Global markets rode a wave of optimism in May, with positive data calming fears of overheating in the US economy. This boosted investor confidence in other regions, leading to strong performance for riskier assets. Global equities rose over 2.5% for the month, while global bonds also performed well, though gains were slightly dampened by a strengthening pound. Markets still anticipate rate cuts later this year, but the timing may differ between the US, UK, and Europe.

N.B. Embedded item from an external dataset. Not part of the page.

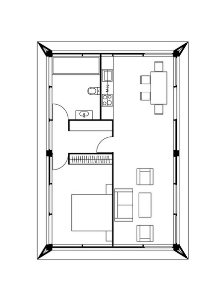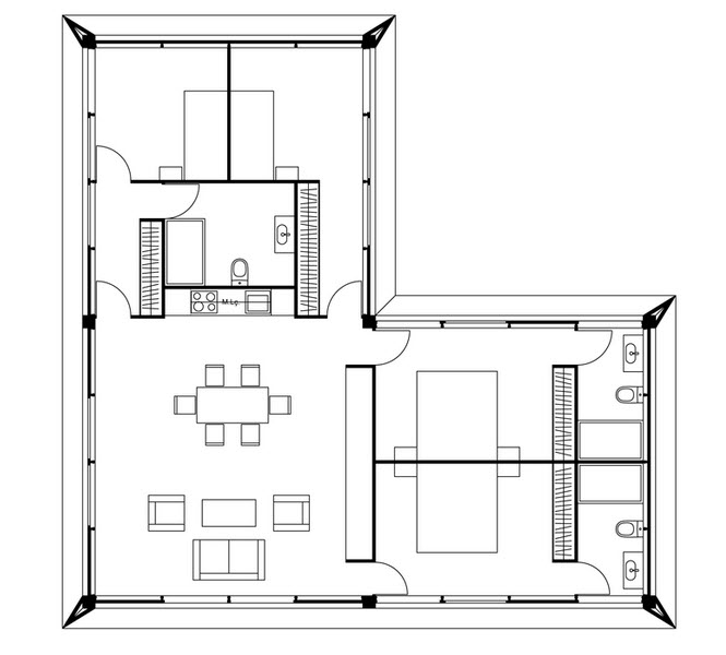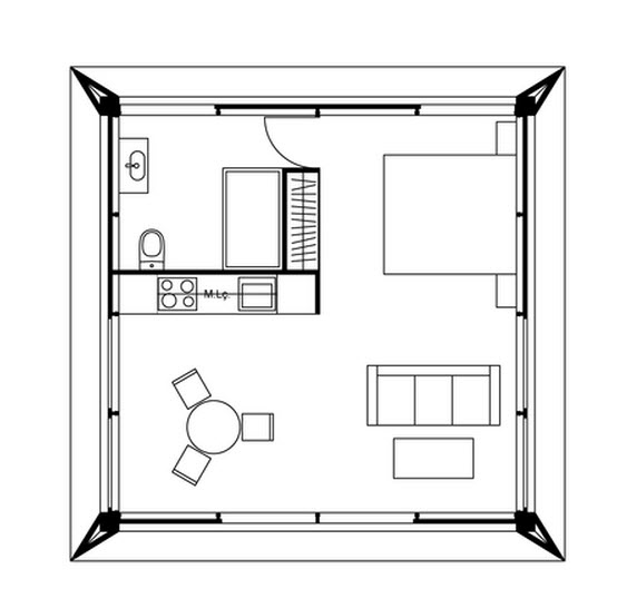 Si lo que estamos buscando es privacidad, este segundo modelo de casa te puede interesar ya que se han separado mediante los ya mencionados paneles de madera prefabricados la zona privada y social, haciendo que de esta forma la cocina y la sala comedor queden ubicadas en una zona área y el dormitorio finalmente quede separado.

US equities enjoyed a stellar May, particularly tech stocks. NVIDIA, a leading AI chip designer, surged over 9% after exceeding expectations with its first-quarter earnings report. This impressive showing, featuring a 262% revenue increase and a planned stock split, highlighted the company's financial strength and contribution to US large-cap earnings.
The UK market recovered well following a brief recession in late 2023. The first quarter of 2024 saw a 0.6% GDP growth, and financial markets remained calm despite the announcement of an early general election in July. While the election could bring a new political landscape, drastic fiscal changes are unlikely due to limited budgetary room for any party in power.
Market-wise, the tech-heavy Nasdaq Composite continued its dominance with a 2.4% rise (14.5% year-to-date) and a new intraday high. Large-cap stocks also performed well, reaching record highs and rising 1.4% (12.8% year-to-date). However, small-cap stocks lagged behind with a -2.1% decline (0.6% year-to-date). Growth stocks significantly outperformed value stocks, with the growth index rallying by 2.7% (16.1% year-to-date) compared to a -0.8% decline (6.8% year-to-date) for the value index.
European markets gained momentum after the ECB's first interest rate cut in five years. The MSCI Europe ex UK Index increased by 1.6% (11.7% year-to-date). The euro remained stable against the dollar, closing the week at 1.08 USD for 1 EUR.
The UK market saw muted performance, with large caps ending slightly down at -0.2% (8.8% year-to-date) and mid-caps declining by -0.8% (6.0% year-to-date). The pound held its ground against the dollar, closing at 1.27 USD for 1 GBP.
Japanese markets were mixed. Large-cap stocks fell -0.6% (17.7% year-to-date) and small-caps dropped -1.0% (10.2% year-to-date). A modest yen rally to 156.8 JPY per dollar (up from 157.3 JPY) posed challenges for exporters. However, positive data and a rise in household spending offered some optimism.